Input data -
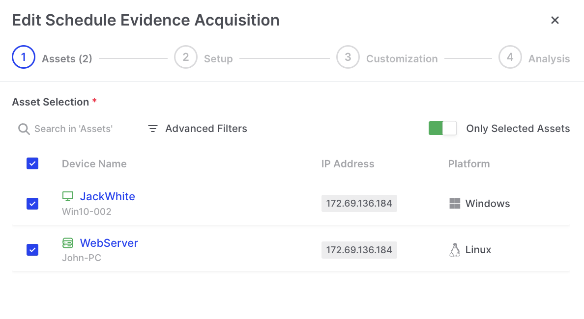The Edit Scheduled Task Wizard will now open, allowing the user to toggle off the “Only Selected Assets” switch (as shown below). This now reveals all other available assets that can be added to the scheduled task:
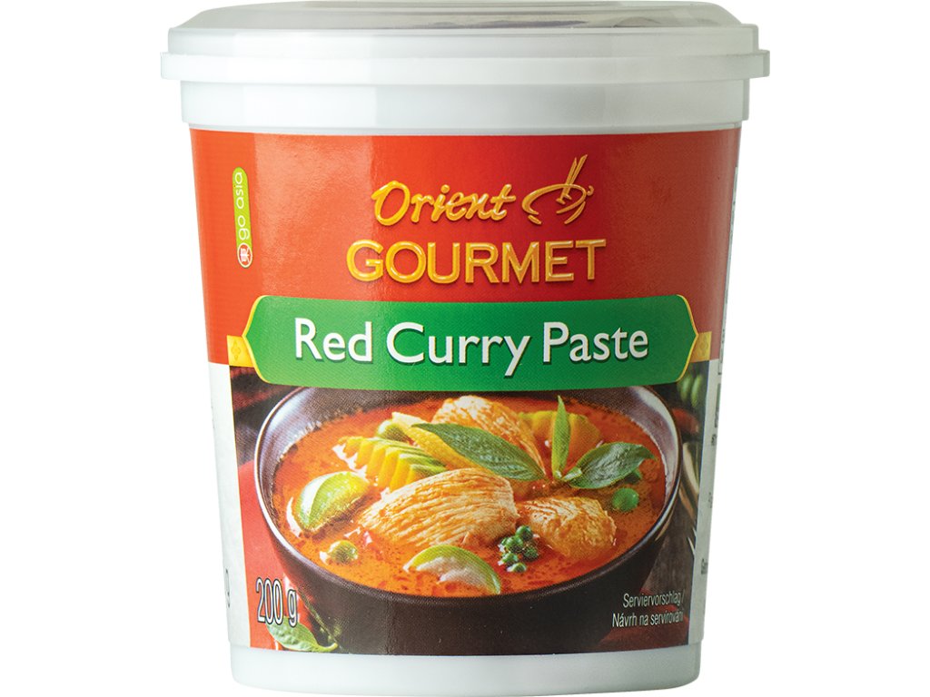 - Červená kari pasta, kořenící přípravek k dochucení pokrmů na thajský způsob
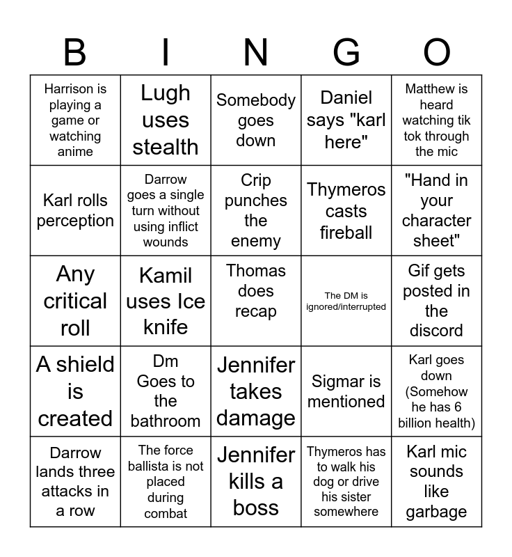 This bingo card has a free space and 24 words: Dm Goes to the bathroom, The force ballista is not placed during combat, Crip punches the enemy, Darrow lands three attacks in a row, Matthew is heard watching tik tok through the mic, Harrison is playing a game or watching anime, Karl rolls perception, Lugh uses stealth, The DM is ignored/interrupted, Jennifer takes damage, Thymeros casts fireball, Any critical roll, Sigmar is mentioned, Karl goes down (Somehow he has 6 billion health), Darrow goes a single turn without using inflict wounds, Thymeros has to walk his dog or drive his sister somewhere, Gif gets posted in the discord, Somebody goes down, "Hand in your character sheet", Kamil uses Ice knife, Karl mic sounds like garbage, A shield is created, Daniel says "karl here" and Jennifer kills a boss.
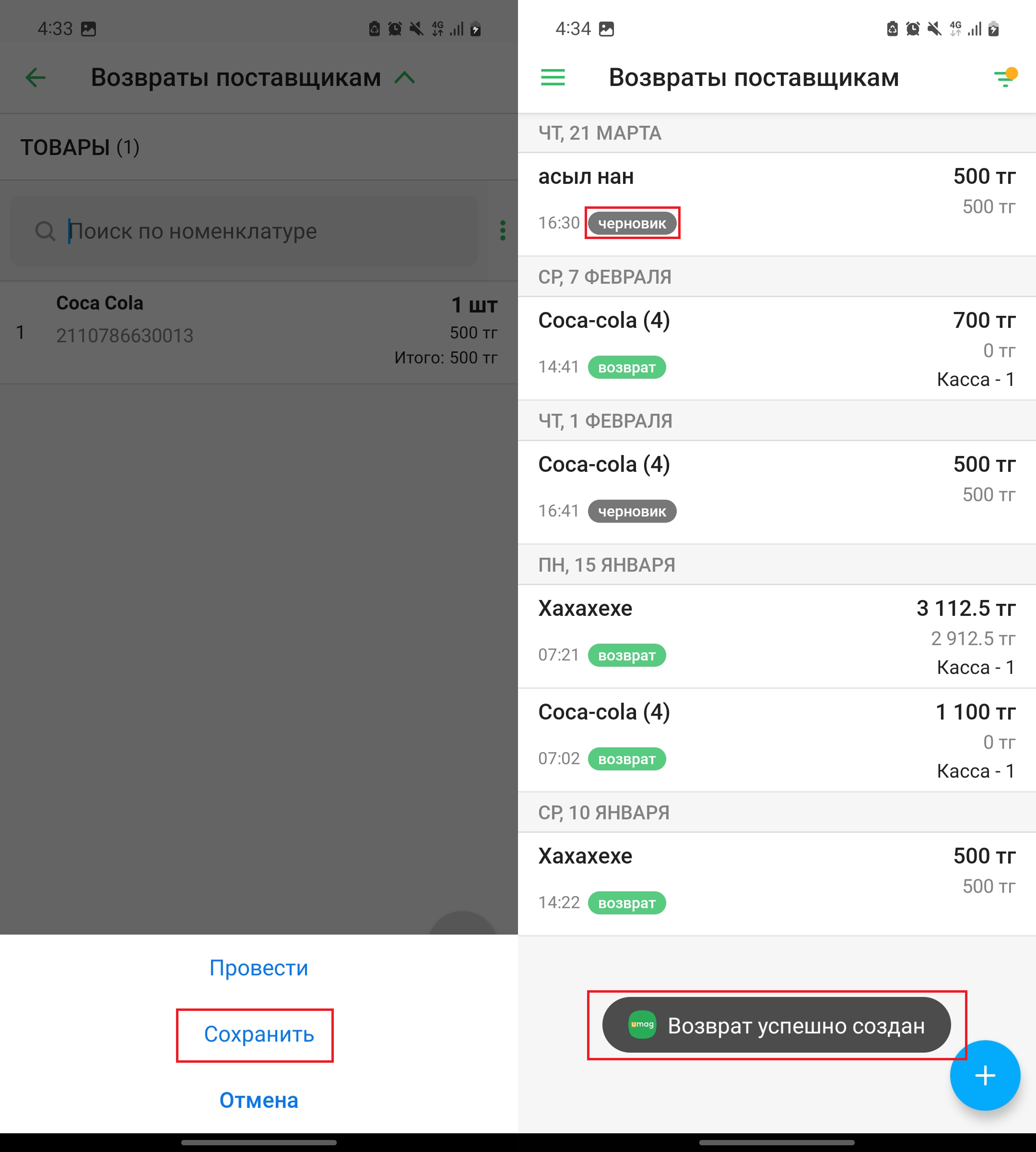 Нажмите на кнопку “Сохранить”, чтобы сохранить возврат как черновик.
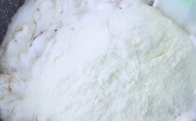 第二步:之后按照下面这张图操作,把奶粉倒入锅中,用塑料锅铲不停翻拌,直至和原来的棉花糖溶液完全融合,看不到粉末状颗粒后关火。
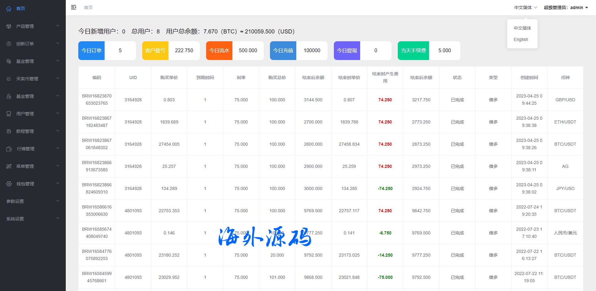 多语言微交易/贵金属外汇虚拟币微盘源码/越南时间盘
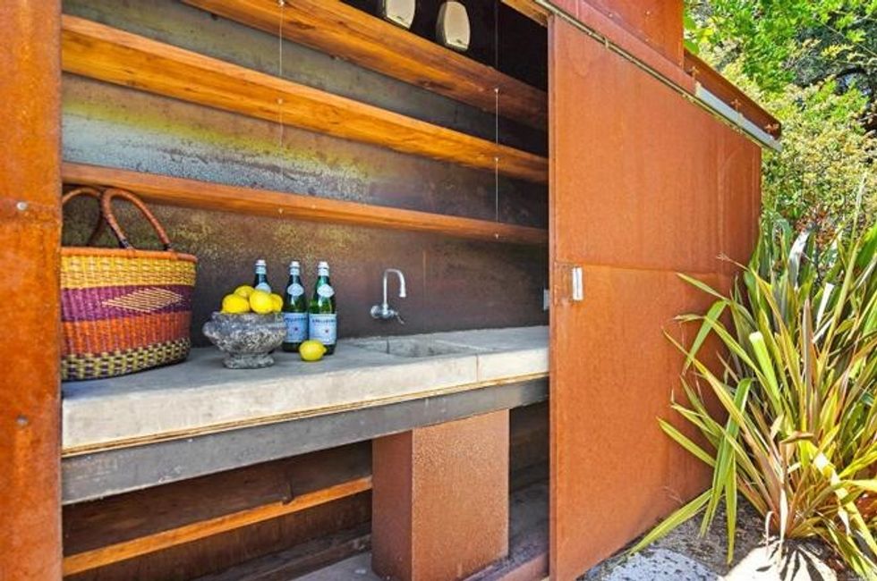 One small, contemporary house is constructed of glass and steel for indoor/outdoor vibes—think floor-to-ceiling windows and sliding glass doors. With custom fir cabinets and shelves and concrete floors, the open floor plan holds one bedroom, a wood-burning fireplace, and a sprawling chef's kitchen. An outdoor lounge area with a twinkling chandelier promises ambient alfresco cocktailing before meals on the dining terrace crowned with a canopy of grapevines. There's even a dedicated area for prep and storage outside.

What is required - Both the line containing "This bingo card" and the line containing "Нажмите на кнопку" above belong in the output, as do the lines between them. Print them exactly, without pictures.

Problem solution -
 This bingo card has a free space and 24 words: Dm Goes to the bathroom, The force ballista is not placed during combat, Crip punches the enemy, Darrow lands three attacks in a row, Matthew is heard watching tik tok through the mic, Harrison is playing a game or watching anime, Karl rolls perception, Lugh uses stealth, The DM is ignored/interrupted, Jennifer takes damage, Thymeros casts fireball, Any critical roll, Sigmar is mentioned, Karl goes down (Somehow he has 6 billion health), Darrow goes a single turn without using inflict wounds, Thymeros has to walk his dog or drive his sister somewhere, Gif gets posted in the discord, Somebody goes down, "Hand in your character sheet", Kamil uses Ice knife, Karl mic sounds like garbage, A shield is created, Daniel says "karl here" and Jennifer kills a boss.
 Нажмите на кнопку “Сохранить”, чтобы сохранить возврат как черновик.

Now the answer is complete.